Giles, Giles and Fripp - The Brondesbury Tapes (1968)
Originally released: 2001
- 3'41 Hypocrite (Peter Giles)
- 1'58 Digging My Lawn (Peter Giles)
- 1'41 Tremelo Study in A Major (Fripp)
- 1'52 Newly Weds (Peter Giles)
- 5'34 Suite No 1 (Fripp)
- 2'15 Scrivens (Peter Giles)
- 3'26 Make It Today (McDonald, Sinfield)
- 1'55 Digging My Lawn (Peter Giles)
- 3'40 Why Don't You Just Drop In (Fripp)
- 3'17 I Talk To The Wind (McDonald, Sinfield)
- 3'53 Under The Sky (McDonald, Sinfield)
- 2'18 Plastic Pennies (Fripp)
- 3'32 Passages Of Time (Fripp)
- 2'49 Under The Sky (McDonald, Sinfield)
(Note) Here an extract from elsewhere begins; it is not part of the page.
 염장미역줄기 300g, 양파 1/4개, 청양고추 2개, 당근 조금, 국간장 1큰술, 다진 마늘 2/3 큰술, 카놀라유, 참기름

- 2'41 Murder (Peter Giles)
- 3'15 I Talk To The Wind (McDonald, Sinfield)
- 6'46 Erudite Eyes (Fripp)
- 4'46 Make It Today (McDonald, Sinfield)
- 6'08 Wonderland (Fripp)
- 3'42 Why Don't You Just Drop In (Fripp)
- 3'12 She Is Loaded (Peter Giles)
Reviews are listed in chronological order within each section. Please retain a chronological order when adding new reviews.
Date Submitted: 15-Dec-01
By: Marlon Kempmann (mkempmann at kw dot igs dot net)
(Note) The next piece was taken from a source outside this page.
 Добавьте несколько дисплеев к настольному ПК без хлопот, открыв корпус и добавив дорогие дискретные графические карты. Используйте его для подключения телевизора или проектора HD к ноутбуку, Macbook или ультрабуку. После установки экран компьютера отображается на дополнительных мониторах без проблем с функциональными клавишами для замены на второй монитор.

"This isn't as much a GGF opinion, as it is an Interregnum point of view. I am speaking of the GGF cd "The Brondesbury Tapes (1968)"; a collection of home recordings (some of quite amazing quality) by the aforementioned. The music isn't for everyone, although I savoured every track. However, in the historical timeline, it magnificently shows the transformation of GGF to King Crimson. There are several musical themes stated that have transmogrified into the more familiar KC recorded versions. For that reason alone (in my opinion), the cd is a must own for every Crimsoficionado. (I have always been a sucker for the development of a song; from conception to recording.)"
Date Submitted: 18-Dec-01
By: Lynn Neil (LynnNeil at aol dot com)
"A simply stunning release, great to hear the G G & F tracks with the addition of Ian MCdonald on flute and saxes. The unreleased tracks featuring Judy Dyble are also a joy especially Make It Today Great Sound quality, great sleeve notes What more do we want????"
Date Submitted: 11-Oct-02
By: Chris Jones (chris.jones.05 at bbc dot co dot uk)
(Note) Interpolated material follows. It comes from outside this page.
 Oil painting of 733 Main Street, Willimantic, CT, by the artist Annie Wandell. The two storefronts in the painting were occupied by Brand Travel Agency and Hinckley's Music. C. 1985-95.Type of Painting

"Already partially unleashed on vinyl earlier this year under the name of Metaphormosis, this timely CD release fills in a sizeable hole in the enigmatic career of the mighty Fripp and pals and their part in the creation of the Crimson King. Mainly consisting of demos recorded at the titular address, this document is amazing for two reasons. Firstly, as the splendid sleeve notes demonstrate, this was far more than a couple of mikes fed into a Revox set-up. The sound quality of these pieces is a testament to the precision of artists forced to work under primitive conditions while developing a profile which their first album (The Cheerful Insanity Of Giles, Giles And Fripp) - with it's bland production - failed to deliver. Secondly, with its addition of key players such as Ian MacDonald on wind instruments and Pete Sinfield, this shows how a year of hard work away from the limelight could turn a jokey little trio into a powerful musical unit, ready to take on the post psychedelic music scene.
"It is fascinating to finally hear all of the tracks that featured the criminally underrated Judy Dyble, the original vocalist with Fairport Convention. Committed King Crimson fans will already be familiar with her rendition of "I Talk To The Wind", but on the evidence of the other material on offer here, she should have stayed for longer than the mere two or three months it took to record them. "Drop In" by Fripp, which became a Crimson live staple the following year, makes its first appearance here as does a re-versioned "Suite No. 1" which should dispel any notion that the Wimborne wonder was anything less than a young genius of the fretboard.
"Lush harmonies, assured, jazzy instrumentation and a sense of humour (check out those Pythonesque photos!), all wrapped up with most scholarly and amusing sleeve notes from Pete Giles. This is both a lovingly prepared historical document and a well-prepared argument in favour of a band who have, for too long, languished in the shadows as a mere precursor to greater things. Why don't you just drop in?"